Also, please have a look at the additional properties page in the wiki of the spec. I requested creating that page with source maps or DOM element linking in mind. It would be great if we could define a reusable standard structure for it. I have something like this in mind with all properties optional:

term.source = {
  url, // file or http URL
  line, // line number
  position, // start position of the token
  text, // text of the token
  element // DOM element for RDFa
}

I'm back in the week of 22nd of July. It would be great if we could keep the discussion open till the end of that week.

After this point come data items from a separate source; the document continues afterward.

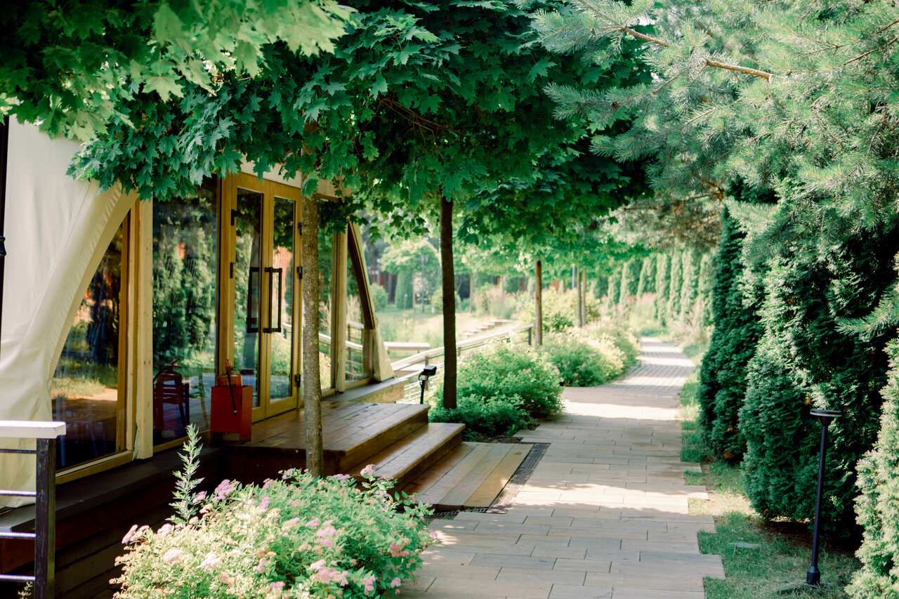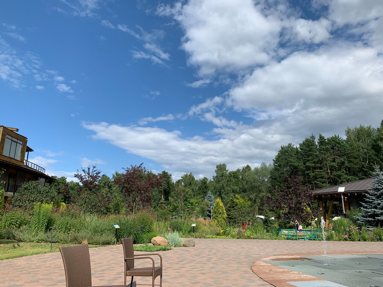 Живописная территория с множеством красивых растений и деревьев. Классная детская площадка. Очень вкусная еда в ресторане. Доброжелательный персонал. Прекрасное место для отдыха.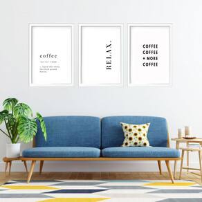 Kit 3 quadros grandes relax coffee 60x48cm Cor: moldura preta Informações do produto tire todas as suas dúvidas no descritivo abaixo: decoração para quarto, sala, cozinha, escritório, área gourmet e muito mais. Chega de paredes vazias medidas - cada peça tem 60x48cm . Material do papel - papel fotográfico brilhante de altíssima resolução acabamento - todos os quadros são acompanhados de vidro para proteção da imagem. - moldura em madeira maciça na cor preta ou branca conforme produto escolhido e pendurador. - paspatur branco com 7cm de largura - os quadros são embalados de forma segura com plástico bolha com camada dupla de acordo com o tamanho dos quadros. - de 3 meses. Meu quadro chegou. Como posso fixá-lo Você precisa apenas de um martelo e um prego, pois os quadros já vão acompanhados de penduradores. Esta é a forma mais indicada. Como posso limpar meu quadro A limpeza é feita como um móvel comum da sua casa. Apenas um pano seco ou espanador são suficientes para tal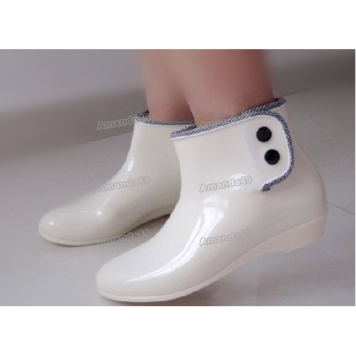 Women's Fashion Clasp Ankle Boots White Cute Rain Boots Galoshes |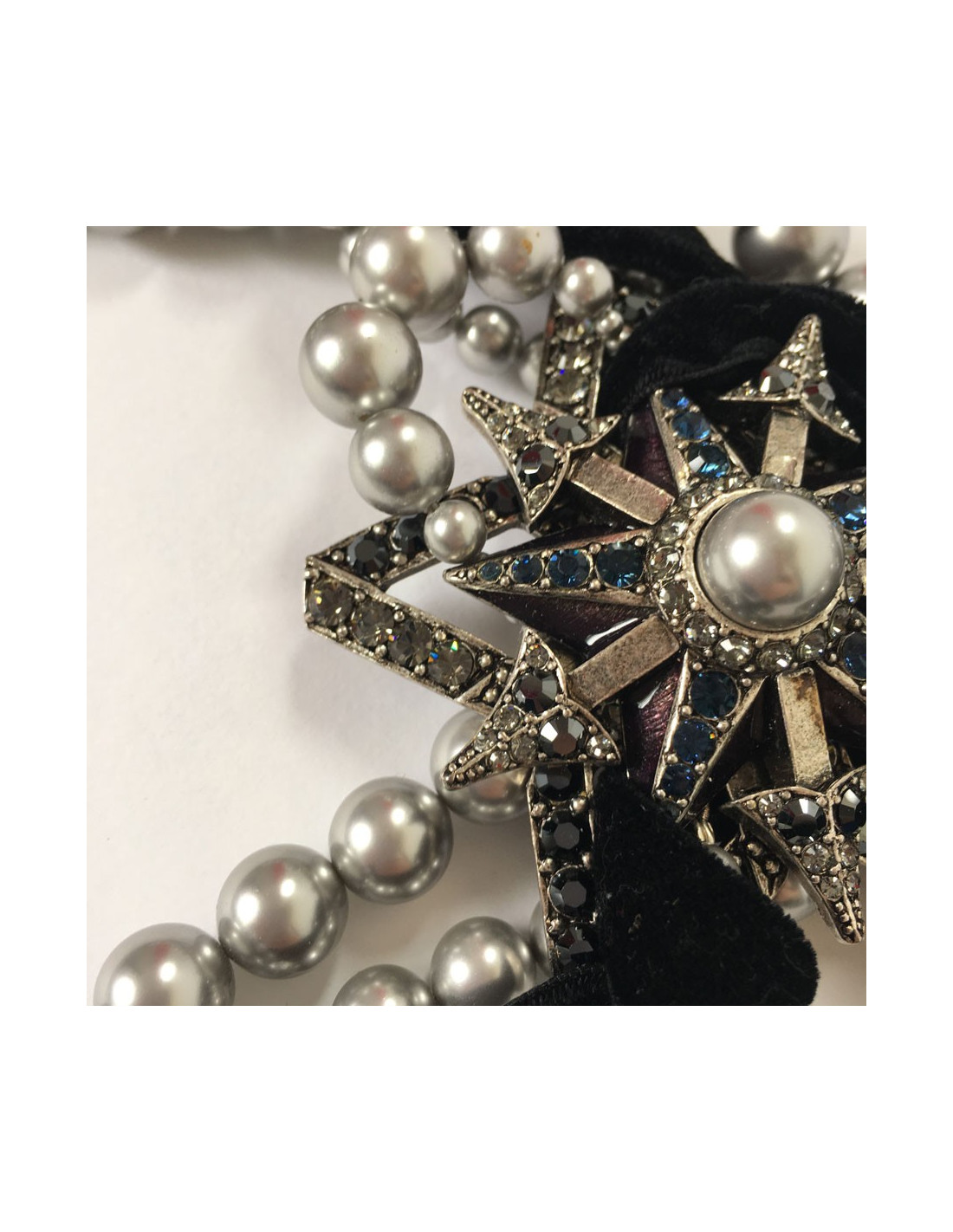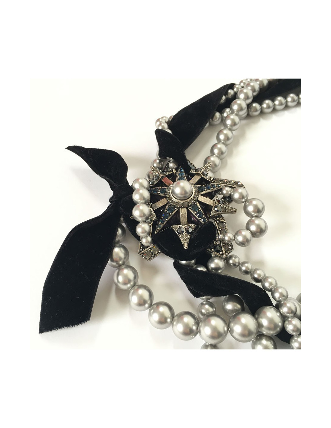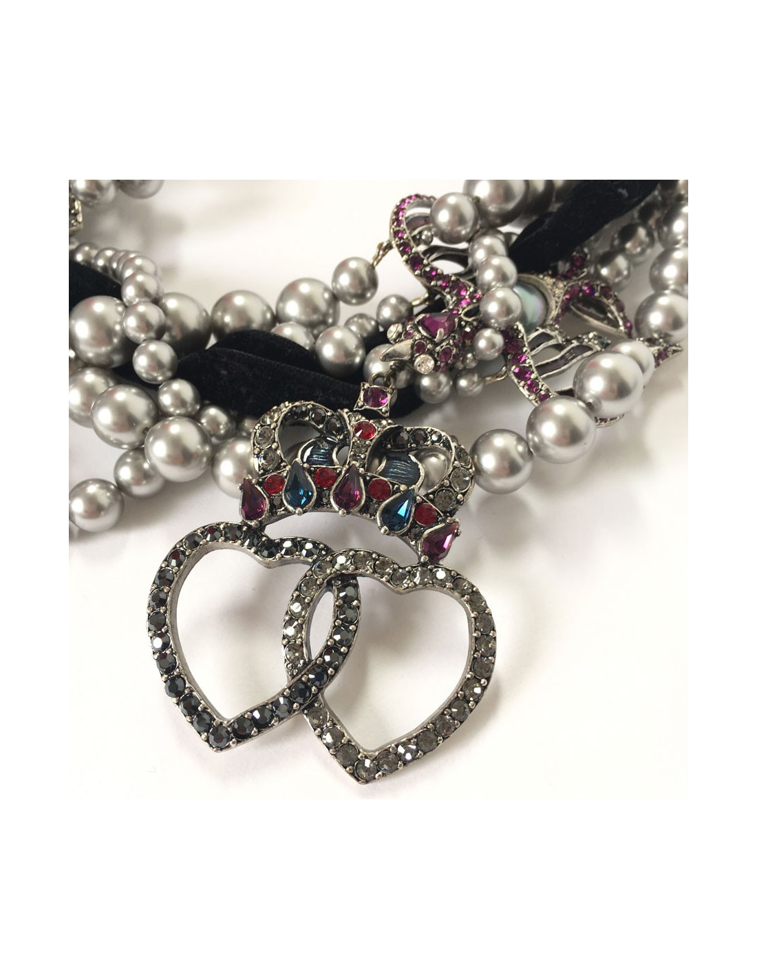Imposing and beautiful LANVIN choker necklace. Multiple rows of gray pearls, star, heart and bird in silver plated metal with multicolored rhinestones. Velvet ribbon all around the necklace.

RubenVerborgh · 2024-07-07T12:19:58Z

@bergos

That may cause problems if someone else comes up with the same idea but with different properties.

Indeed, and thanks for looking at this.

That's the main reason why I am proposing an object as an optional second argument, so { token } rather than directly token or even a string. This should give us the extensibility we're looking for.

Just pass a flag to the constructor of the parser, and if it's set, set the properties after creating the Term instance

I could also agree with this; just not a big fan of external classes managing the internal state of another class. Plus, some factories could create frozen objects etc… I think the first approach, with an optional object, is actually the safest all things considered.

Also, please have a look at the additional properties page in the wiki of the spec. I requested creating that page with source maps or DOM element linking in mind. It would be great if we could define a reusable standard structure for it.

+1 to this

I'm back in the week of 22nd of July. It would be great if we could keep the discussion open till the end of that week.

We'll wait for you, mate. Would be good to have an RDF/JS issue open to track this then. Cheers!

bergos · 2024-07-23T23:06:13Z

@RubenVerborgh

That's the main reason why I am proposing an object as an optional second argument, so { token } rather than directly token or even a string. This should give us the extensibility we're looking for.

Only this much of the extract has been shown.